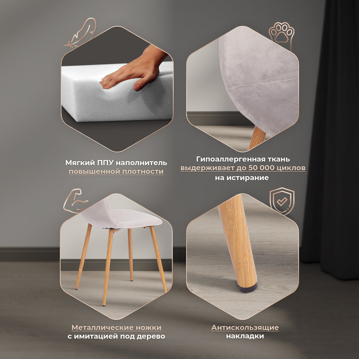 Легкий и элегантный дизайн комплект стульев BREEZE украсит собой любую домашнюю обстановку. Этот удобный и легкий стул будет отличным украшением городской квартиры, загородного дома, кафе или ресторана. Вельветовая обивка благородного цвета будет органично смотреться в любом помещении. Удобные формы сиденья и спинки обеспечат комфорт на протяжении длительного времени. Ножки стула выполнены из металла. Это прочный и долговечный материал, не требующий специального ухода, способный выдерживать большую нагрузку. Тканевая обивка не мнётся, не меняет форму, пропускает воздух, экологична и гипоаллергенна. Стул будет радовать вас своим первоначальным видом долгие годы. Стул подойдёт для гостиной, для кухни, для спальни, для ресторана или для кафе. Стул очень прост в сборке, инструкция по сборке прилагается.
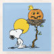 Celebrate Halloween with this charming design featuring Snoopy, the beloved beagle, gazing up at the warm glow of a full autumn moon. Woodstock sits cheerfully atop a playful jack-o'-lantern nestled in his tree-top perch. With classic Peanuts charm, this design captures the magic of the Halloween season, perfect for adding a touch of nostalgia and whimsy to any holiday occasion. Ideal for fans of Snoopy and timeless Halloween fun!
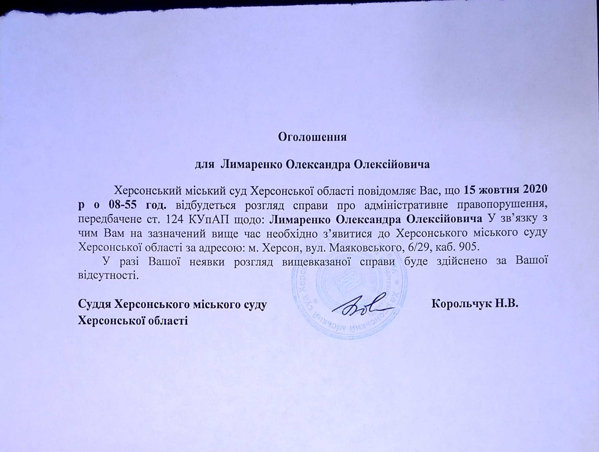 ОГОЛОШЕННЯ для Лимаренко Олександра Олексійовича
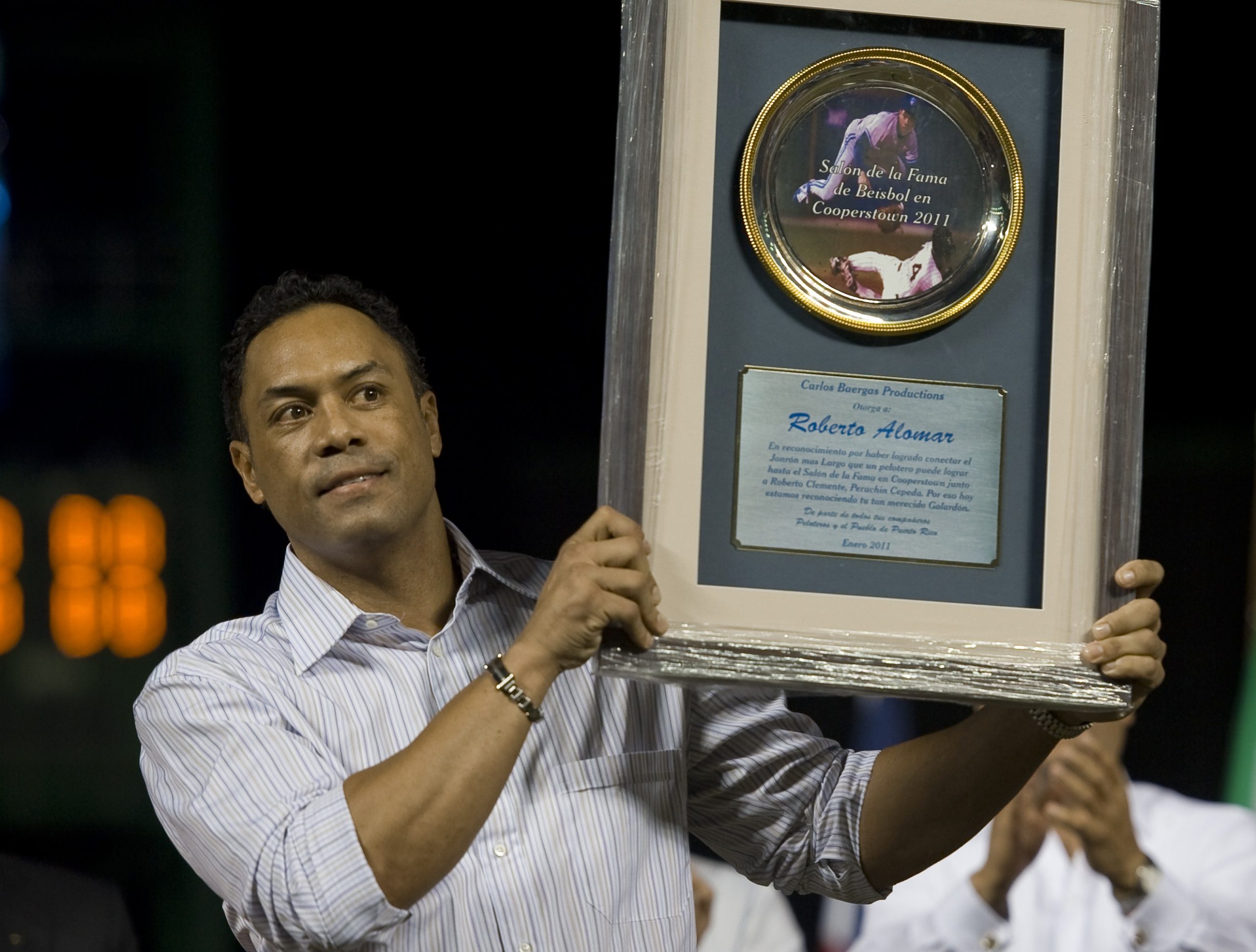 Photo Credit: Puerto Rican second baseman Roberto Alomar, who recently became a Hall of Famer, shows the recognition received on behalf of Puerto Rican players. (OMAR TORRES/AFP via Getty Images)

- - -

*Task requirements*:
Go through the listing above and retype each line exactly, apart from the pictures.

*Answer space*:
 Легкий и элегантный дизайн комплект стульев BREEZE украсит собой любую домашнюю обстановку. Этот удобный и легкий стул будет отличным украшением городской квартиры, загородного дома, кафе или ресторана. Вельветовая обивка благородного цвета будет органично смотреться в любом помещении. Удобные формы сиденья и спинки обеспечат комфорт на протяжении длительного времени. Ножки стула выполнены из металла. Это прочный и долговечный материал, не требующий специального ухода, способный выдерживать большую нагрузку. Тканевая обивка не мнётся, не меняет форму, пропускает воздух, экологична и гипоаллергенна. Стул будет радовать вас своим первоначальным видом долгие годы. Стул подойдёт для гостиной, для кухни, для спальни, для ресторана или для кафе. Стул очень прост в сборке, инструкция по сборке прилагается.
 Celebrate Halloween with this charming design featuring Snoopy, the beloved beagle, gazing up at the warm glow of a full autumn moon. Woodstock sits cheerfully atop a playful jack-o'-lantern nestled in his tree-top perch. With classic Peanuts charm, this design captures the magic of the Halloween season, perfect for adding a touch of nostalgia and whimsy to any holiday occasion. Ideal for fans of Snoopy and timeless Halloween fun!
 ОГОЛОШЕННЯ для Лимаренко Олександра Олексійовича
 Photo Credit: Puerto Rican second baseman Roberto Alomar, who recently became a Hall of Famer, shows the recognition received on behalf of Puerto Rican players. (OMAR TORRES/AFP via Getty Images)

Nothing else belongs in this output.